AUSTIN - Allstate Insurance agreed Friday to pay the largest insurance refund in state history - $42.7 million - to resolve allegations that it overcharged 750,000 Texas drivers.

State Insurance Commissioner Elton Bomer signed an order Friday spelling out the terms of the refund, which will range as high as $100 per customer.

Rates also will be reduced an average 6 percent for Allstate customers under the order. Nearly 360,000 drivers in Dallas, Tarrant, Collin and Denton counties are insured by Allstate.

"I'm pleased that Allstate agreed to end this controversy by reducing its rates and refunding the amounts its policyholders were overcharged, " Mr. Bomer said. "This case should underline the need for companies to exercise great care in calculating the rates they charge consumers. I want the industry to understand clearly that the Texas Department of Insurance will be challenging rate filings that are not accurate or in compliance with the law."

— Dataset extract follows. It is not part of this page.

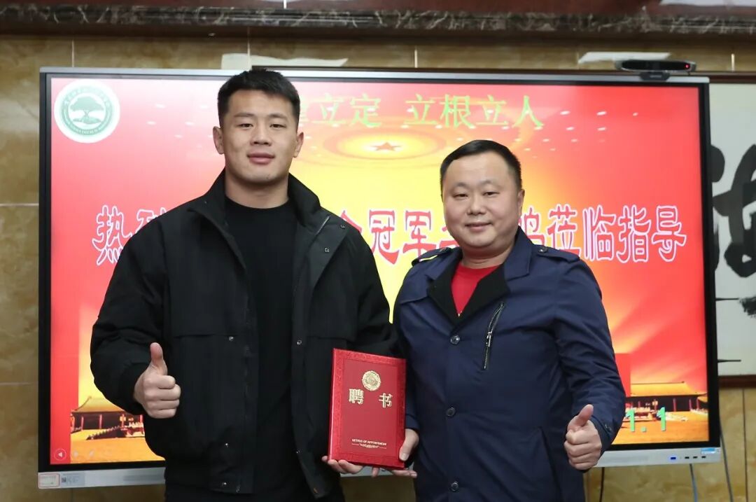随后,大家来到学校会议室,观看学校宣传视频,听取建队经验,并指导加强合力建设,科学持续发展,表态要全力支持学校摔跤训练,认真指导培育孩子们成长,学校书记校长杜朱洪给李一鸣颁发指导聘书。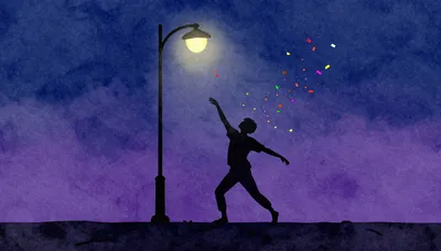 – Қуаныш пен мерекені бейнелейтін, түрлі-түсті конфетти жауып тұрған салтанатты көрініс.

The overcharges occurred primarily because Allstate tried to subsidize premiums for its high-cost drivers by charging its other policyholders more.

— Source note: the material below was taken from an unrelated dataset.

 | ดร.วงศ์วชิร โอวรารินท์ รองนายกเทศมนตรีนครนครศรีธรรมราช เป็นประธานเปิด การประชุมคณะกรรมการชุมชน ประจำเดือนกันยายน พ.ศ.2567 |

Allstate officials, who originally criticized the commissioner and Insurance Department for making the allegations, said the company decided to pay after negotiations with the state.

"Allstate believes this settlement is in the best interest of our customers, employees and shareholders," said Sharon Cooper, a spokeswoman for Allstate. "It is a clear example of why differences between insurance companies and regulators should be resolved with TDI [Texas Department of Insurance], and not through costly, unnecessary litigation."

There had been threats of a possible class-action case against All-state regarding the overcharges, but department officials said they knew of none that had been filed.

In agreeing to the consent order, Allstate denied any violations of Texas insurance laws.

Ms. Cooper said former policyholders will receive checks ranging from $5 to $100, and current policyholders will receive a credit on their auto insurance premiums. Those transactions will begin in about 60 days.

The refunds affect Allstate customers who purchased an auto insurance policy between June 30, 1995, and Sept. 8, 1997.

All three of the company's subsidiaries are affected by the action: Allstate Insurance Co., Allstate Property and Casualty Co. and Allstate Indemnity Co.

Allstate did not immediately calculate the savings from what it said would be an average 6 percent rate cut for all current policyholders, as called for in the order.

Insurance regulators had accused Allstate, the third-largest property insurer in Texas, of including improper expenses in its auto rates. The complaints against the company were raised after a state review of Allstate rates filed in 1995 and 1996.

The department said Allstate illegally billed regular policy-holders to subsidize the high-risk driver policies that Allstate is required to sell under a state insurance program for those drivers.

The department also said the company was charging "excessive" premiums because of other improper calculations in its rates. Among those:

* Allstate's rates were based on an improperly high profit margin of 17.1 percent. Mr. Bomer last year ruled that a reasonable profit margin for auto insurers is 11.5 percent to 12 percent.

* Allstate's rate filing failed to include as income interest collected from customers on installment plans and unrealized capital gains on investments. Failure to include that revenue artificially reduced Allstate's profits.

* The rate filing included a smaller reduction factor than required by the state for the effects of civil justice reforms in Texas. Insurers were ordered to cut their rates to reflect their savings from the reforms, which reduced the number of insurance lawsuits in state courts.

Public Insurance Counsel Rod Bordelon, who also signed the consent order, said it should fairly compensate policyholders who were overcharged, particularly those with good driving records.

"The shifting of costs for losses caused by high-risk drivers who are rated separately was both illegal and patently unfair to the policyholders who were picking up the tab," said Mr. Bordelon, who represents consumers in insurance matters.

The Insurance Department and Mr. Bordelon's office were scheduled to take their claims against Allstate to an administrative law judge in November. That hearing was canceled under the agreement.

Last fall, Allstate was one of two large insurers to settle a class- -action lawsuit that alleged improper billing by the two companies. The other was Farmers Insurance.

The companies agreed to pay $35.7 million to resolve the suit, which contended that policyholders were overcharged because of improper calculations of their premiums. A total of $25 million was refunded to policyholders, and $10 million went to attorneys who filed the suit.